Goal of the exercise: Note on the material below: return exactly the lines from the line that holds "平成30年度 多職種協働によ" through the line that holds "3) Pohjalle laitettiin", and leave out each picture.

Data listing:
☆ ☆ ☆ ☆ ☆ ☆ ☆
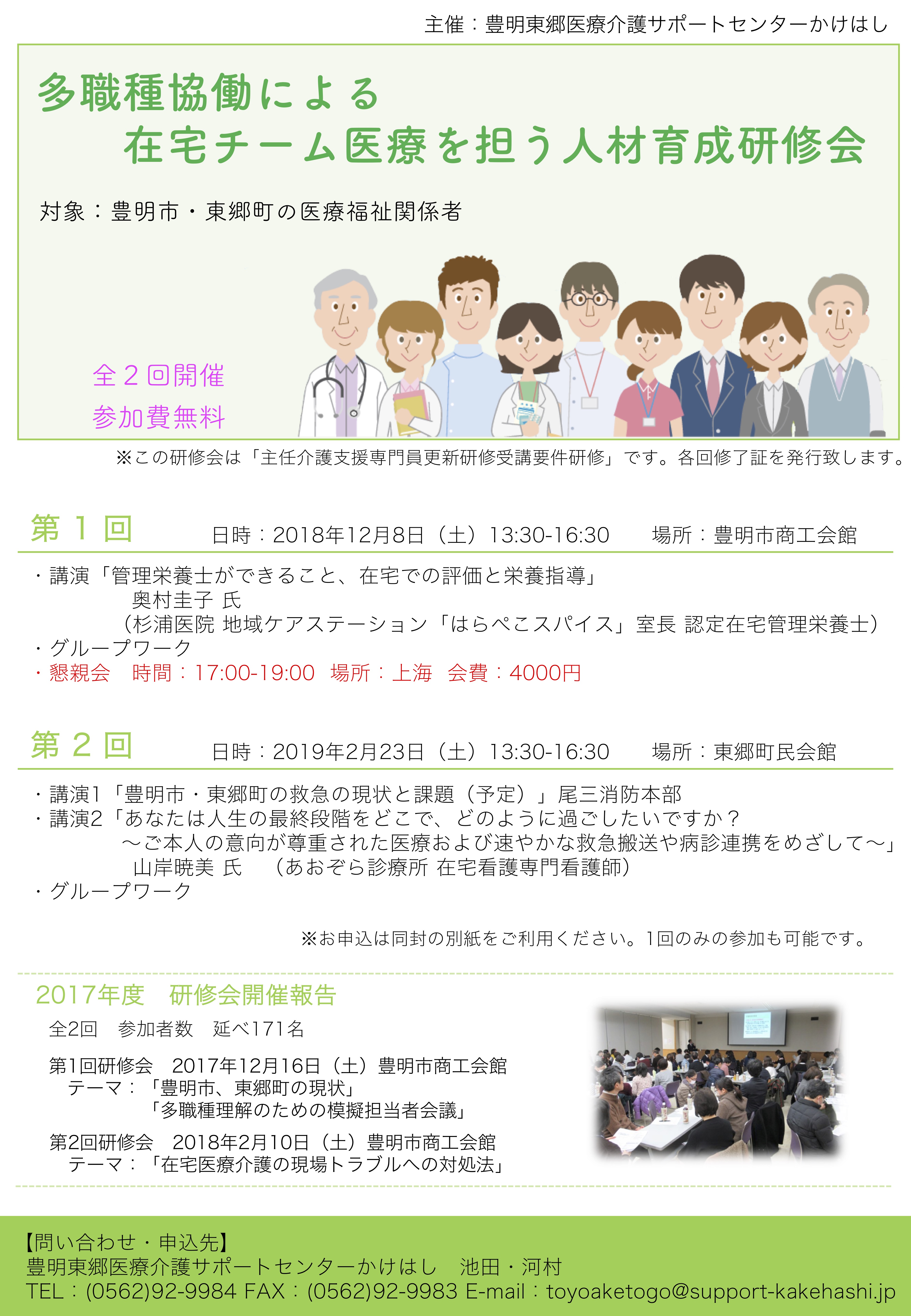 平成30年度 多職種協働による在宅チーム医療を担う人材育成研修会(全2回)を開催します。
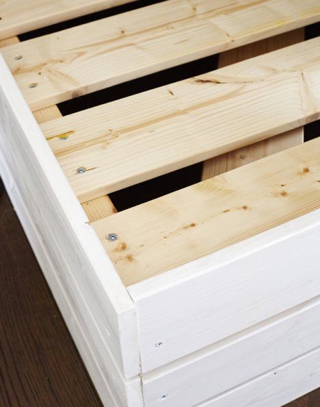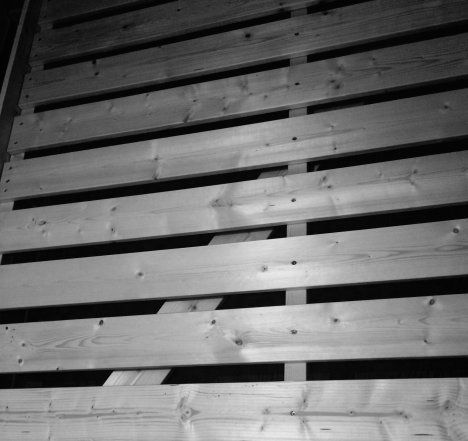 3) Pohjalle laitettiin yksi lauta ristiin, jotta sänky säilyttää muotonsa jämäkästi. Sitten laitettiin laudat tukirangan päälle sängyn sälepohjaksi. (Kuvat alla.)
☆ ☆ ☆ ☆ ☆ ☆ ☆
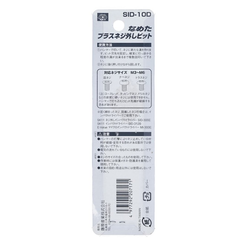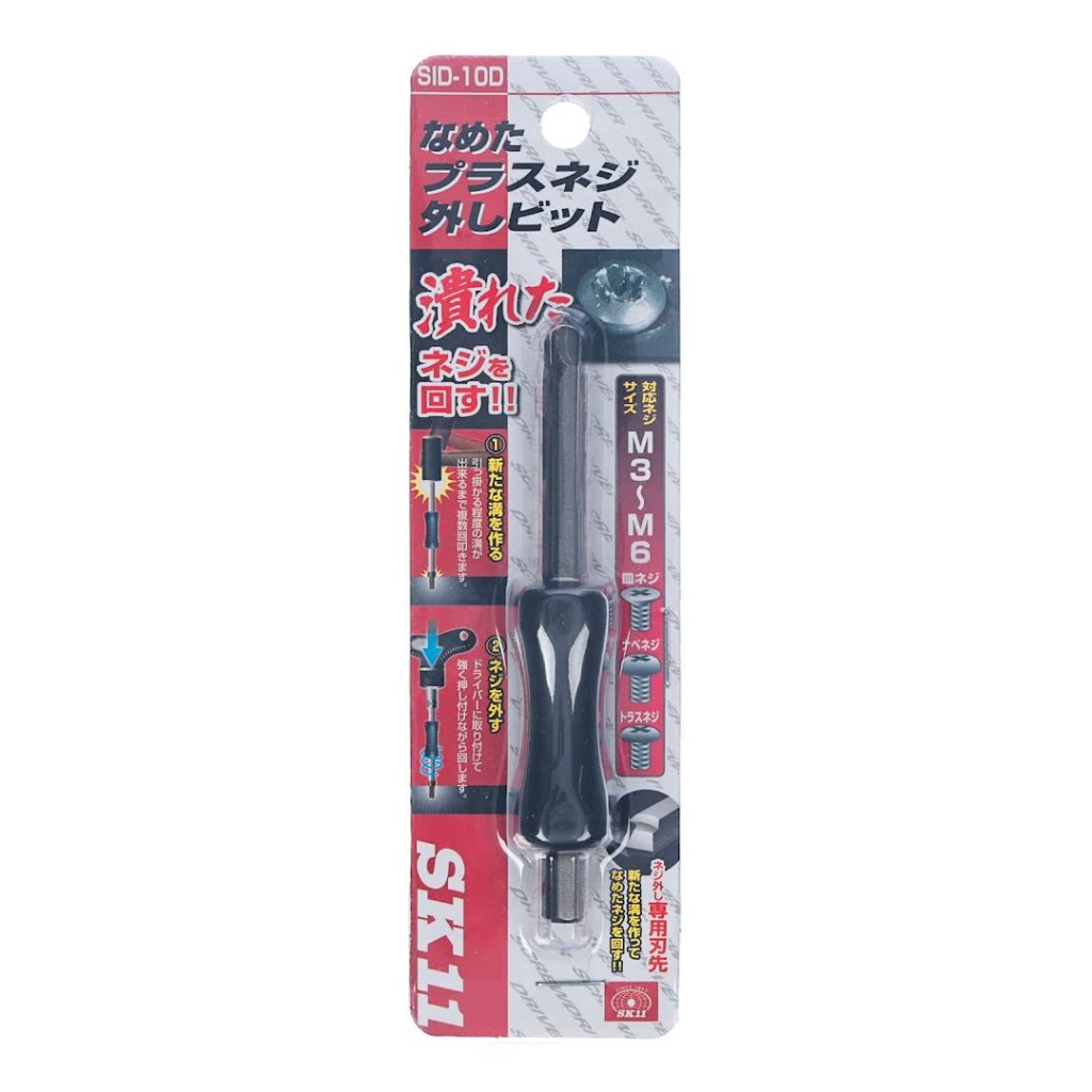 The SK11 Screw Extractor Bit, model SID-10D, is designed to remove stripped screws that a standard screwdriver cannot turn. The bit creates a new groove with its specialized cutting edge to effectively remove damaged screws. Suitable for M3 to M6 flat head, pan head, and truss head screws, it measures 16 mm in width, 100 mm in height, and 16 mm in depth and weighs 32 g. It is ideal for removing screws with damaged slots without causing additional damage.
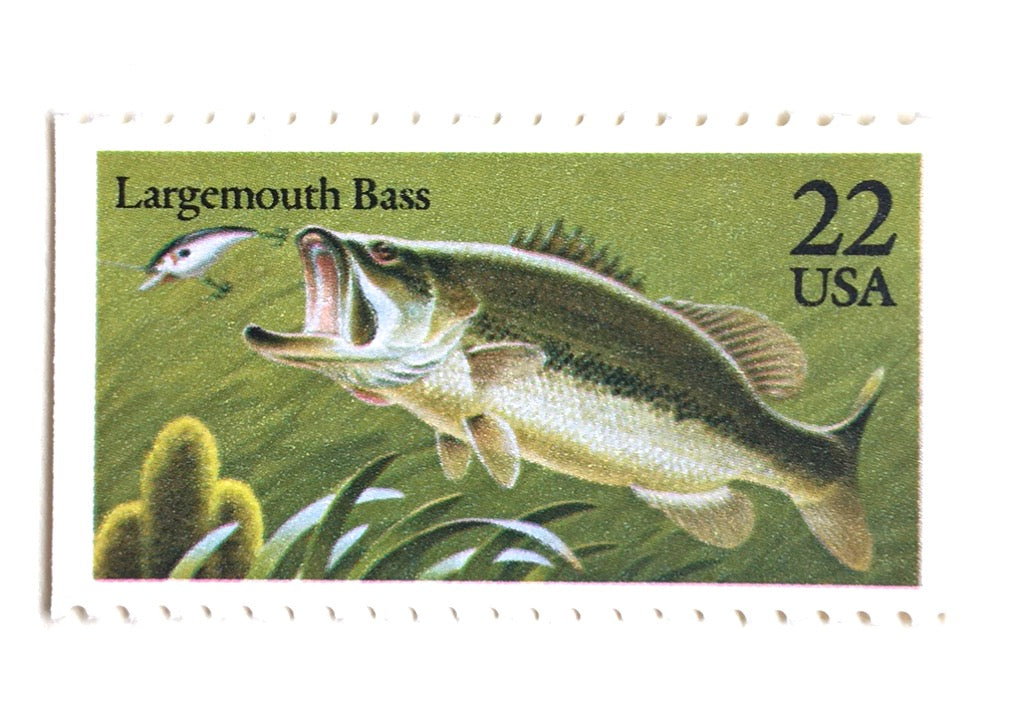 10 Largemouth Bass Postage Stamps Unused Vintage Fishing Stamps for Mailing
☆ ☆ ☆ ☆ ☆ ☆ ☆
Answer box:
 平成30年度 多職種協働による在宅チーム医療を担う人材育成研修会(全2回)を開催します。
 3) Pohjalle laitettiin yksi lauta ristiin, jotta sänky säilyttää muotonsa jämäkästi. Sitten laitettiin laudat tukirangan päälle sängyn sälepohjaksi. (Kuvat alla.)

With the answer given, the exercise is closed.